Hjinks in Heissatopia

April Fools' jokes are still alive and well here so we basically can't wait for this month to end. On Thursday night, Rachel graffitied all over the milk jug in order to trick her dear ol' grandpa into believing it had gone bad:



"The milk has gone BAD!" she wrote, with an angry alien face roaring with...dismay...or...rage. But at the bottom she wrote, "Just kidding. It's fine."

And then she put it back into the fridge.


On Friday morning, everyone used the milk like normal, which meant it then got left on the counter after breakfast (because that's part of our normal). Grandpa came across it, read the note on it, wondered why someone had gone through all that work when they could have just dumped it down the sink themselves, dumped it down the sink, and then spent the rest of the morning worrying about whether or not his stomach was feeling upset from the tall glass of milk he'd had the evening before.

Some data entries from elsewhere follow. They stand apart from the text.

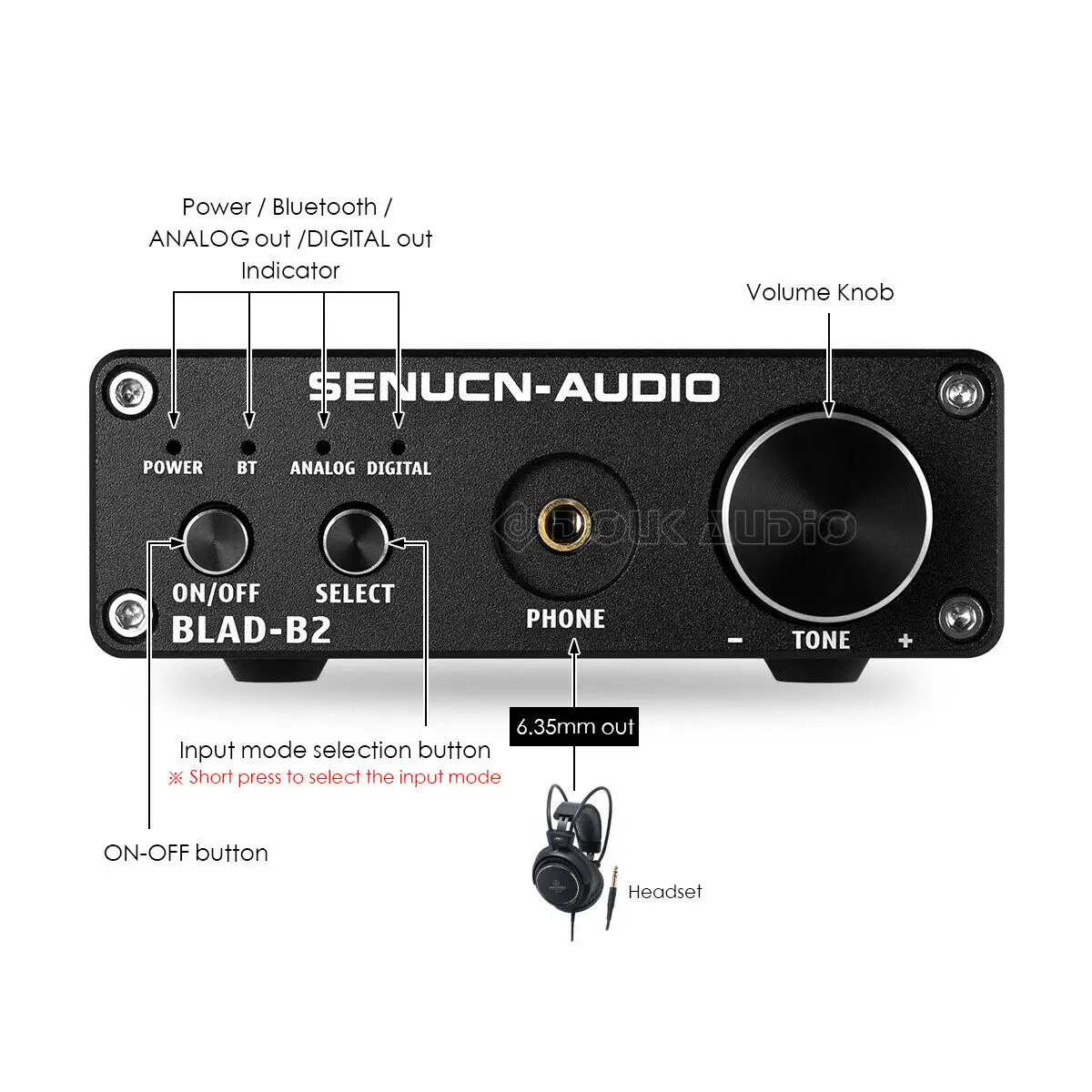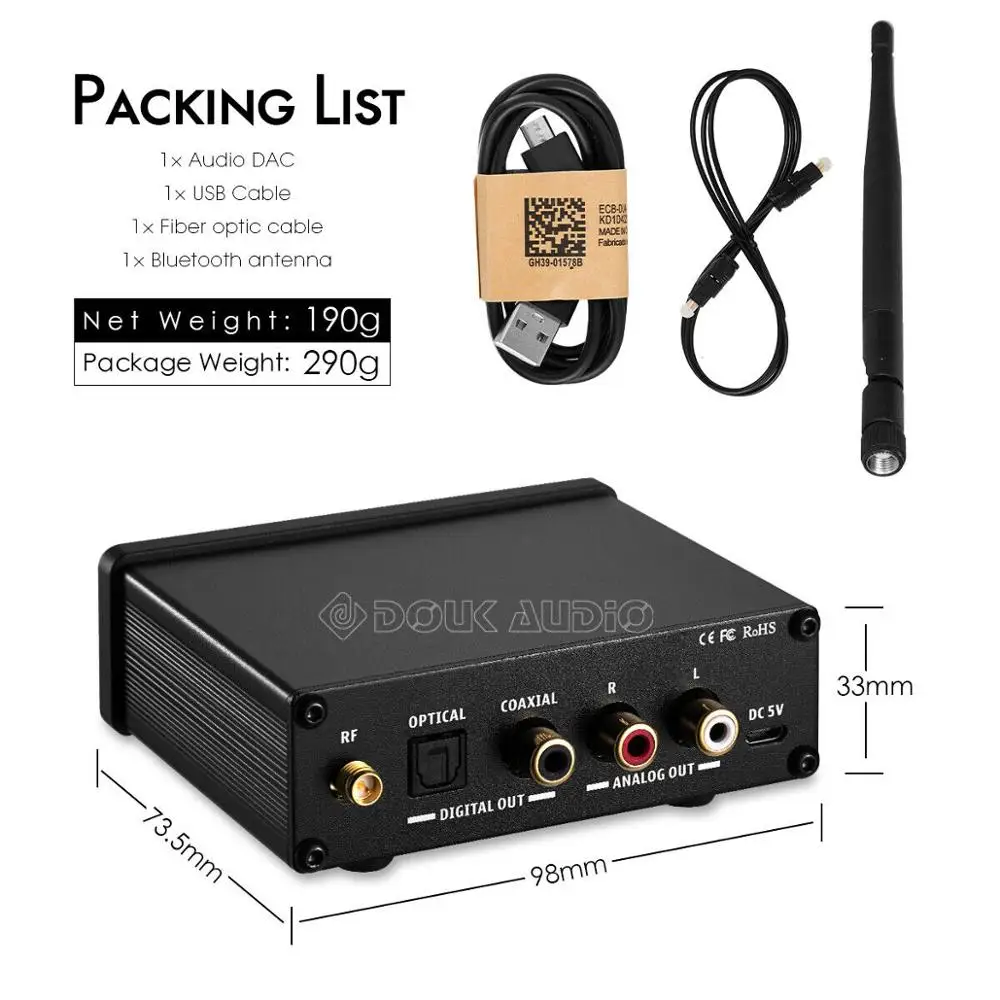 Nobsound HiFi Bluetooth 5,0 аудио декодер мини стерео усилитель для наушников DAC коаксиальныйоптический черныйсеребристый
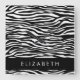 Zebra tryck, Rand, svart och vitt, ditt namn Fyrkantig Klocka
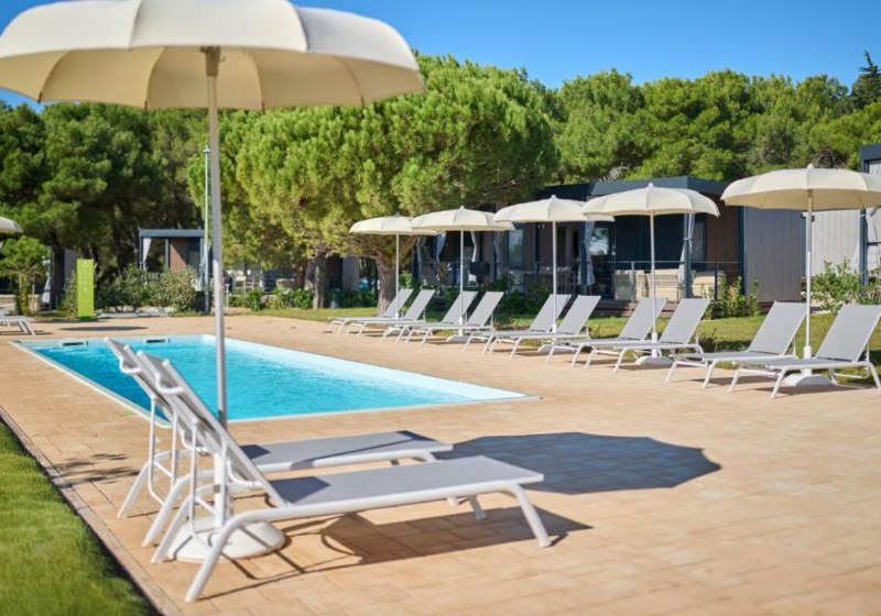 Willkommen im Aminess Planet Camping Holiday Homes Sirena, wo Ihr in modernen Mobile Homes zwischen Pinien und Adria-Luft ankommt. Das Setting wirkt ungezwungen und strukturiert: viel Raum im Freien, klare Wege, kurze Distanzen. Acht Außenpools verteilen sich über das Resort und schaffen Abwechslung zwischen Aktivsein und entspannten Stunden am Wasser.
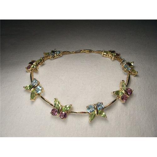 You are looking at an estate 10K yellow gold butterfly tennis bracelet with gemstones. This beautiful piece features 16 marquise cut peridots measuring 5 mm by 3 mm, 8 round amethysts and 8 round blue topazes measuring 4 mm each. All gemstones are natural. The bracelet measures 7 and 3/8 inches long by 3/8 of an inch wide. It weighs 8.9 grams. It is in mint condition.
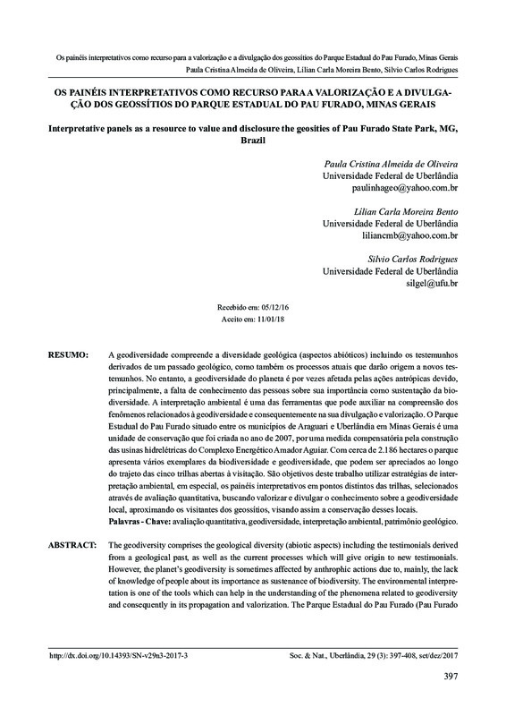 A geodiversidade compreende a diversidade geológica (aspectos abióticos) incluindo os testemunhos derivados de um passado geológico, como também os processos atuais que darão origem a novos testemunhos. No entanto, a geodiversidade do planeta é por vezes afetada pelas ações antrópicas devido, principalmente, a falta de conhecimento das pessoas sobre sua importância como sustentação da biodiversidade. A interpretação ambiental é uma das ferramentas que pode auxiliar na compreensão dos fenômenos relacionados à geodiversidade e consequentemente na sua divulgação e valorização. O Parque Estadual do Pau Furado situado entre os municípios de Araguari e Uberlândia em Minas Gerais é uma unidade de conservação que foi criada no ano de 2007, por uma medida compensatória pela construção das usinas hidrelétricas do Complexo Energético Amador Aguiar. Com cerca de 2.186 hectares o parque apresenta vários exemplares da biodiversidade e geodiversidade, que podem ser apreciados ao longo do trajeto das cinco trilhas abertas à visitação. São objetivos deste trabalho utilizar estratégias de interpretação ambiental, em especial, os painéis interpretativos em pontos distintos das trilhas do parque, como instrumentos de valorização e divulgação dos geossítios, com intuito de disseminar o conhecimento sobre a geodiversidade, contribuir com a interpretação e a sensibilização do patrimônio geológico da unidade de conservação, fazendo com que o público visitante da se aproxime geodiversidade da região e dessa forma, proteja os geossítios.

"Who discovered the milk was bad?" he asked me when we ran into each other later in the day (it can take a surprising amount of time for us to run into each other in this large house).

"Was it really bad?" I laughed. "I thought it was only a joke."

"A joke?' he said. "Why would it be a joke? Someone wrote right on it: the. milk. has. gone. bad."

"But did you read the whole thing?" I asked.

"I guess not..."

"The second half of the note said: just kidding; it's fine."

"Oh. Well. It's gone now. Someone left it out on the counter so if it wasn't bad before..."

Grandpa has this thing about milk feeling "lonely," like he's terribly worried it will suddenly turn if it's not immediately returned to its shelter of the ice box. Andrew said he grew up hearing, "The milk is lonely," and was trained to remember to put the milk back immediately after using it. Having the milk sit out during breakfast was anathema (though, quizzically, having the milk sit on the table during dinner falls within the realm of acceptability), which has always been a bit strange to me because I grew up with milk sitting out during breakfast (but never during dinner).

Plus, I don't worry so much about milk going bad.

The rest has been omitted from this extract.